Tuesday, November 02, 2010

it happened again :(

When I was 8, I submitted a poem to the local newspaper’s kids’ section. It was a weekly thing, and every Saturday morning I’d read it while sitting at the breakfast table with my parents, feeling very grown up as I sipped my juice.

It included a ‘Pet of the Week’ feature (guilt trip your parents into buying a puppy you’ll lose interest in within a month, yaaaaay!), photos from local child-friendly events, and reader submissions of poetry, stories, and artwork.

The quality of these artistic contributions left much to be desired. Often, they’d blatant rip-offs of famous works. William Wordsworth’s daffodils poem featured every other week, supposedly written by ‘Sarah K., 10 years old’ or ‘Sam M., aged 6 years’.  Even as a child, I remember thinking that the paper's editors were clearly enormous dumbasses.

When they weren’t plagiarised, the poetry was usually along the lines of ‘I have a cat/It likes to sit on the mat/Sometimes I give it a pat/It does not wear a hat’.
These inclusions didn’t bother me so much: they were shit, yes, but at least they’d tried. Clearly not much. But a bit.

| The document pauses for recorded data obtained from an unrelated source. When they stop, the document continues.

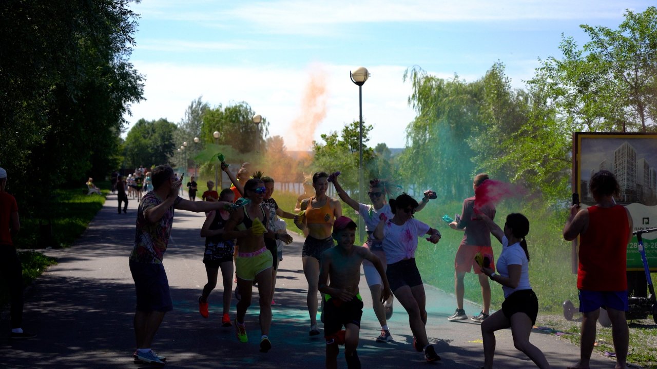 Яркие 3 километра пробежали в субботу, 25 июня, участники первого красочного забега в Городе Спутнике. Взрослые и дети, обсыпав друг друга краской, в легком темпе преодолели один круг тропы здоровья.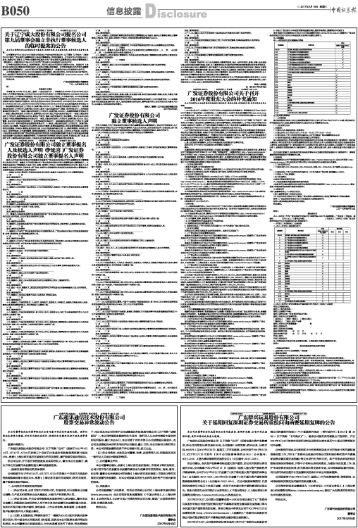 3.辽宁成大股份有限公司关于提名广发证券第九届董事会独立非执行董事候选人的临时提案。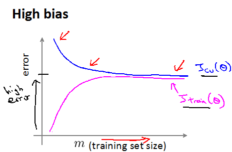 如果一个学习算法处于高偏差(欠拟合),则增大训练集的个数不会有什么帮助,训练集和验证集的J都会很大,见下图(最后随着m增大,曲线已经变成水平):(所以不是只要增大训练集就可以!)
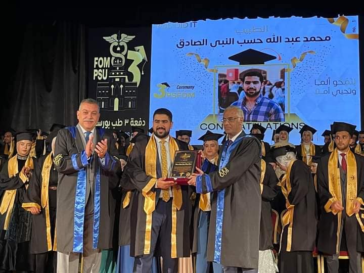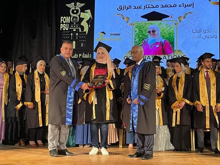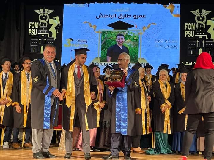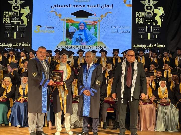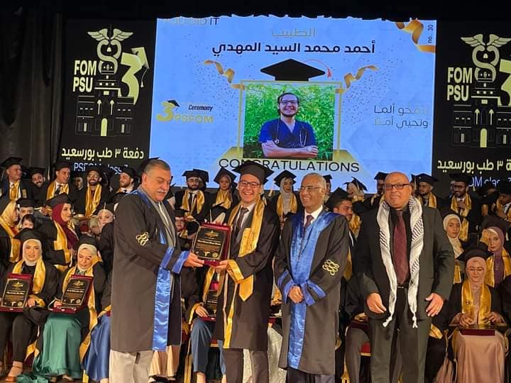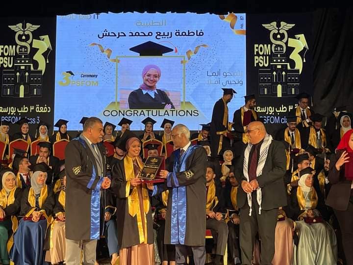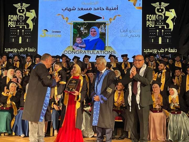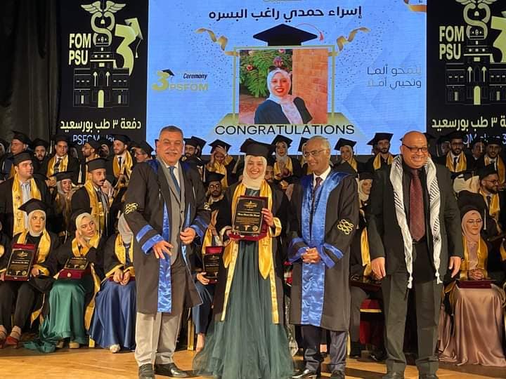 شهد السيد الأستاذ الدكتور / ايمن محمد إبراهيم رئيس جامعة بورسعيد فى حضور / الاستاذة الدكتورة / راوية رزق نائب رئيس الجامعة لشئون الدراسات العليا والبحوث والأستاذ الدكتور / عاطف علم الدين عضو مجلس الشيوخ المصري والاستاذة / سامية المصيلحى امين عام الجامعة حفل تخرج الدفعة الثالثة من كلية الطب البشرى وكان في استقبالهم الأستاذ الدكتور / خالد صبري عميد كلية الطب والسادة وكلاء كلية الطب البشرى

Given the subpar quality of the other compositions, I decided I had nothing to lose in submitting my own. So, in a fit of inspiration following a violent tummy-bug, I sent in my original piece, entitled ‘Sick’. I don’t remember a great deal about it, but it rhymed beautifully, and used wonderful imagery of ‘castle moats’ of vomit, and fever-induced prayers for a speedy death.

I waited for my great public literary debut. Week after week, I scoured the kids’ section for my poem. When it didn’t appear, I began desperately searching the rest of the newspaper, thinking perhaps they editors had decided it was so good, they chose to publish it in the main bulk of the newspaper. Say, on page 2 or something.

But after a few months it still hadn’t been printed. My parents suggested I resend it – it could’ve got lost in the mail or misplaced! So I did. Four times. Until my pride could not handle any more rejection. I gave up. Admitted defeat. Let my dreams of poetic glory die.

Wordsworth continued to feature heavily each Saturday.

In the coming years, my disappointment morphed into rage. ‘Sick’ was too edgy for their philistine publication. That was the problem. The suicidal thoughts of a feverish 8 year old weren’t appreciated by the closed-minded editors. They probably didn’t even understand it. Ha! Morons!

For the past 14 years, I’ve comforted myself with the knowledge that their idiot brains could not comprehend my artistic genius. My tortured soul was simply too complex for them.

Until last week, when Wagon Wheels’ Facebook fan page announced a poetry contest. The prize was an ENTIRE BOX OF WAGON WHEELS.

Holy crap. Hooooly crraaaap.  Now that is an incentive. This time, the simple pride of being published was not enough – something big was at up for grabs. AN ENTIRE BOX OF CHOCOLATE AND BISCUIT AND MARSHMALLOW AND JAM. The stakes were high.

I committed myself to composing the best goddamn poem about an oddly-named chocolate biscuit ever. I didn’t want to get cocky, given my past experiences. But after viewing the other entries, I began to feel fairly confident I was in with a chance.

I waited all day for the winner to be announced. AND……..it wasn’t me. But not only was it not me, it was a fucking acrostic poem.

Excuse me? We are not in grade 2. That will not cut it. Sorry.

I know I seem bitter. I’m not. Really.  Acrostic Poem Girl: I'm really pleased for you (I'm not). I accept that you won, fair and square (I don't). I hope you enjoy your giant crate of Wagon Wheels (I hope you choke on them and die, you nasty little facebook whore).

I was pretty bummed that I didn’t win. It was hard to come to terms with the fact that my unique brand of poetry is just not what the public wants. And it was even harder to come to terms with the lack of a bulk supply of Wagon Wheels in my life. I made a silent promise: never again will I put myself on the line like that. I will not subject myself to the humiliation and crushing, devastating disappointment of poetic failure. I would close this chapter of my life, and turn to bigger and better things. I’d stick to stuff I know I’m good at, like making lists and impersonating magpies and incorporating Nutella into my meals.

Then today, in a fit of mindless Wikipedia browsing, I came across a glimmer of hope. Apparently, Taylor Swift once won a national poetry contest.
Taylor Swift.
Of ‘she wears high heels/I wear sneakers/She’s cheer captain/And I’m in the bleachers’ fame.

It’s a somewhat depressing reflection on judges’ tastes, proving once and for all that their opinions should not be valued particularly highly. So I should not feel too bad about my repeated failure.

It also demonstrates that you really cannot pick who will win these things. If Taylor Swift can win a poetry contest, then surely anybody can have hope in their abilities.

No matter which way you choose to look at it – THE DREAM LIVES!!!!